I remember like it was last week: the racecar driver, exhausted from a grueling 500-miler, fielded questions about his ballsy winning pass to the outside, covered in smoot as if his car was a coal mine. Who knew racing at Darlington could be so dirty?


"On that last turn, did you know you could make the car stick like that?" the TV broadcaster asked the driver, having just emerged into a throng of cheers in Victory Lane.


"I knew it all along," he said, one arm draped around his crew chief. "Harry put on special tires."


"What's special about them?" the broadcaster asks, turning to the crew chief.


Harry shrugged. "Nothing in particular." The driver was dismayed. He'd been lied to.

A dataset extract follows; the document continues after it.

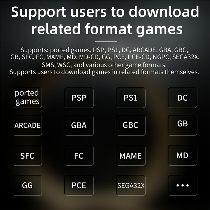 - 【Versatile Gaming Experience】Support for multiple game formats including PSP, PS1, DC, ARCADE, GBA, GBC, GB, SFC, FC, MAME, MD, MD-CD, GG, PCE, PCE-CD, NGPC, sega32x, SMS, and WSC, allowing users to download and play a wide variety of retro games

"Sounds like Harry has a little bit of explaining to do," quipped the broadcaster, Dr. Jerry Punch, playing himself in the critically acclaimed movie Days of Thunder, which premiered in theaters 30 years ago but still airs often. At least in my house it does. It did last week.

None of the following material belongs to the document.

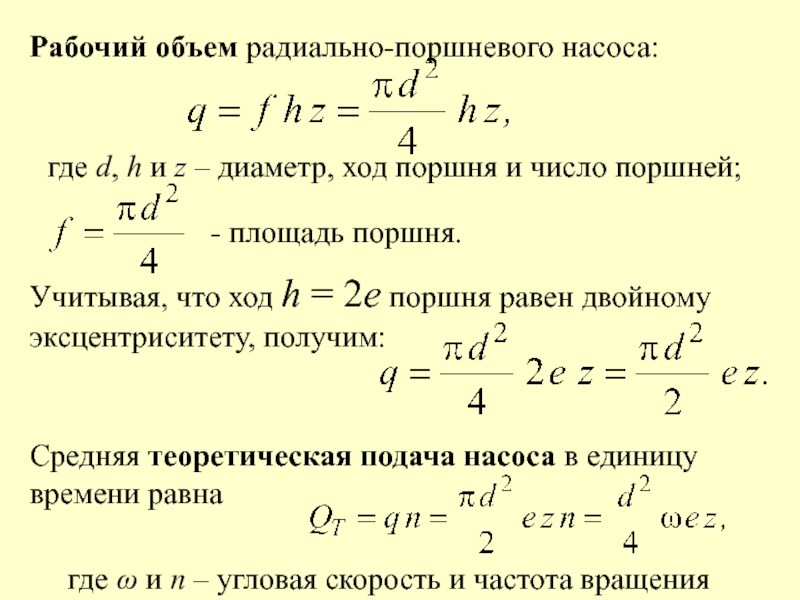 Учитывая, что ход h = 2e поршня равен двойному эксцентриситету, получим:

Fast-forward to today when Dr. Punch was in our studio as this week's guest on The Dale Jr. Download. Dale Jr. asked a relatively vague question about Punch's role in Days of Thunder with nary a clue it was more than a cameo. How much more? What if I told you that producers were considering actresses like Kim Basinger to play the role of Dr. Claire Lewicki, but it was Dr. Punch's recommendation that a neurosurgeon wouldn't normally look like Basinger. Punch was, after all, a trauma physician first and a racing TV broadcaster second. Who on the planet was better suited to be a source for authenticity than Punch?


"You need someone who is a bit more pasty -- someone who looks as if they are indoors all the time," Punch told writer Robert Towne. The next day they had a new idea -- an actress named Nicole Kidman. When Punch approved, the producers set course on a new direction.

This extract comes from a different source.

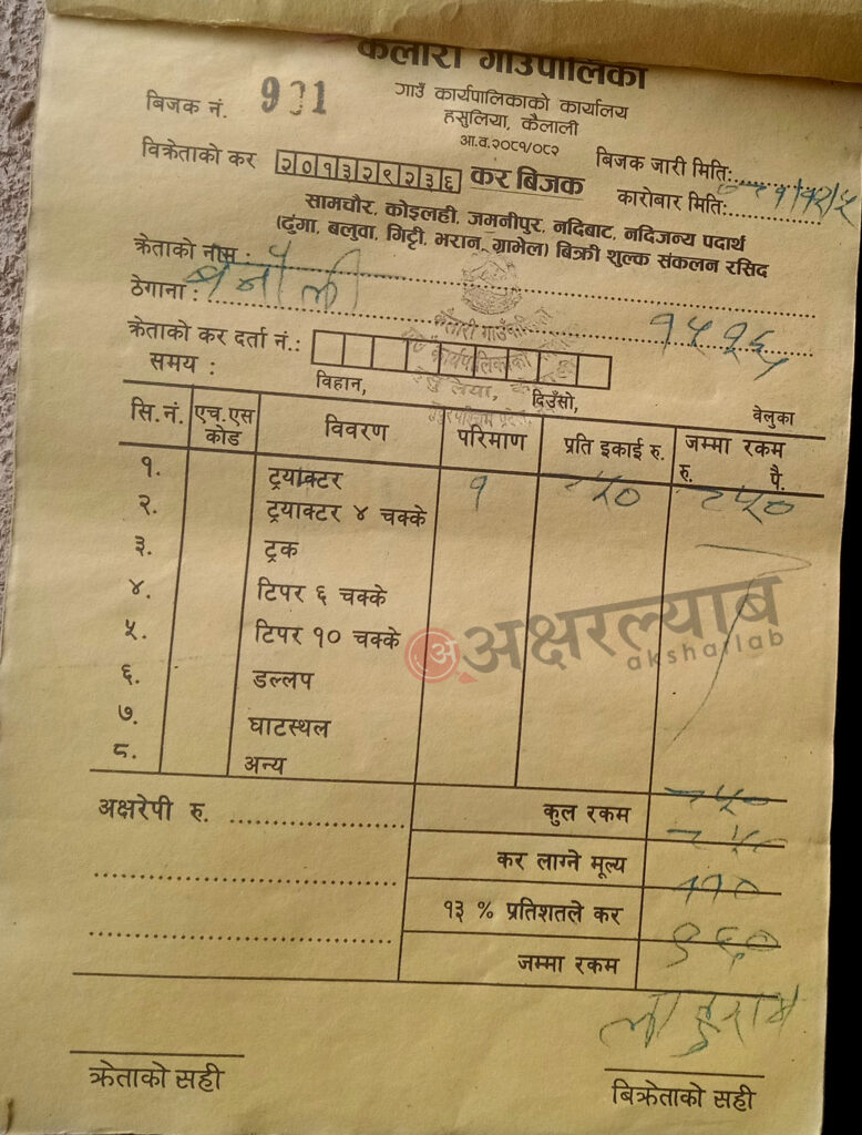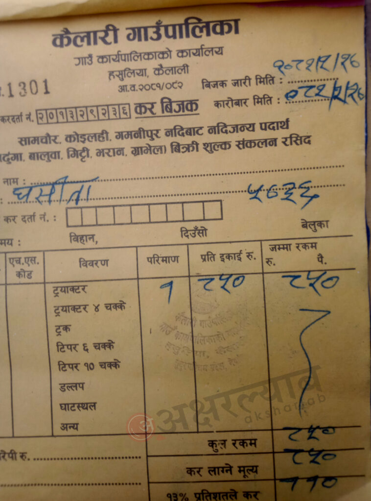 गाउँपालिकामा दाखिला नभएको ठेलीको रसिद । स्रोत : रोयल्टी संकलक

Punch's Days of Thunder insights are fascinating to anyone like me who grew up on that movie, because if you grew up on that movie, you grew up on 1990s NASCAR. And if you grew up on 1990s NASCAR, then you grew up with Punch in your living room every Sunday afternoon. Being a member of the broadcast team, he was as central to NASCAR as the drivers themselves. Into that mix you can add Ned Jarrett, Ken Squier, Eli Gold, Bob Jenkins, Benny Parsons, Buddy Baker, Barney Hall and Dick Berggren, to name a few. Dr. Jerry Punch helped shape our NASCAR experience for 30 years, whether we realized it or not.

What I couldn't have realized as an outsider was how he shaped people on the inside, too. Did I say shape? In some cases... saved. He kept Rusty Wallace alive in 1988 when the driver stopped breathing. He saved ARCA driver Don Marmor when he flipped at Atlanta, Punch's mic hot the entire time. And he treated Richard Petty's crew members when a fire broke out in the pits during the Motorcraft Quality Parts 500.


How Dr. Punch was able to be an exceptional TV broadcaster and a life-saving trauma doctor at the same time is extraordinary. He was -- no, is -- our real-life Moonlight Graham, the character in the 1989 film Field of Dreams who, despite being in a game he loved, could emerge as a doctor to save a life when the situation required it.


Only Dr. Jerry Punch is no movie character. Except the times when he is.